◆ **Exercise objective**
Only the lines of the data below from the one with "ぶどうの森で行われた結婚式で" through the one with "Đặc biệt quý" are wanted. Repeat them exactly.

◆ **Input material**

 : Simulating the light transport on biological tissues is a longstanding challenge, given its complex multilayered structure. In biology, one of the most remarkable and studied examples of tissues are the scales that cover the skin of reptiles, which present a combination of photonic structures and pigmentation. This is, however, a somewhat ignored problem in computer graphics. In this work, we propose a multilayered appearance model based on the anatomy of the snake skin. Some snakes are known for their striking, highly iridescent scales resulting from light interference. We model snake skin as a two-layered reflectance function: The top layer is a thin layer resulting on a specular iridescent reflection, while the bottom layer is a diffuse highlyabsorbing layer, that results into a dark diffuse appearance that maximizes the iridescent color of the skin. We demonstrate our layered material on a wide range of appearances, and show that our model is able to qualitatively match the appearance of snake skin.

==

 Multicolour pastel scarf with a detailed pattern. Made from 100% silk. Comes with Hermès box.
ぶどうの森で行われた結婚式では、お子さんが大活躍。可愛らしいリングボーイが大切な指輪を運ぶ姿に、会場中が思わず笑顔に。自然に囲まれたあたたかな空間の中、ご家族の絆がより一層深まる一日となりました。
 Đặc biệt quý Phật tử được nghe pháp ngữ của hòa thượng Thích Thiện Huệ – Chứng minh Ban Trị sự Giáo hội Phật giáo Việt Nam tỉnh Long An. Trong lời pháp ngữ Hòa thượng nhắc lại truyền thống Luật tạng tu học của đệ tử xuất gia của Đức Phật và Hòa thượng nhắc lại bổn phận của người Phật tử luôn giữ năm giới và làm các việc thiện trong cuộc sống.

---

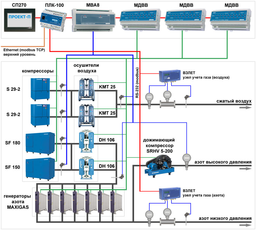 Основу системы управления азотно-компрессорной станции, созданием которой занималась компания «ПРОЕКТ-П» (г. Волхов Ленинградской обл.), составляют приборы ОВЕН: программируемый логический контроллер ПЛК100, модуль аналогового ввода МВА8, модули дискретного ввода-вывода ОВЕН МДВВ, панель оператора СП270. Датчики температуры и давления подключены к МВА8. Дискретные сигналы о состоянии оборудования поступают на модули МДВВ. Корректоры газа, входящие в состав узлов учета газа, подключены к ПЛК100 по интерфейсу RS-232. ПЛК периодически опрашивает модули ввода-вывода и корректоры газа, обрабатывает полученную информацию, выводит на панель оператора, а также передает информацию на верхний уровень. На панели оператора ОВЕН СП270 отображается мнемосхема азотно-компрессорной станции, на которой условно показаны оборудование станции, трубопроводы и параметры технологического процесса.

◆ **Problem solution**
ぶどうの森で行われた結婚式では、お子さんが大活躍。可愛らしいリングボーイが大切な指輪を運ぶ姿に、会場中が思わず笑顔に。自然に囲まれたあたたかな空間の中、ご家族の絆がより一層深まる一日となりました。
 Đặc biệt quý Phật tử được nghe pháp ngữ của hòa thượng Thích Thiện Huệ – Chứng minh Ban Trị sự Giáo hội Phật giáo Việt Nam tỉnh Long An. Trong lời pháp ngữ Hòa thượng nhắc lại truyền thống Luật tạng tu học của đệ tử xuất gia của Đức Phật và Hòa thượng nhắc lại bổn phận của người Phật tử luôn giữ năm giới và làm các việc thiện trong cuộc sống.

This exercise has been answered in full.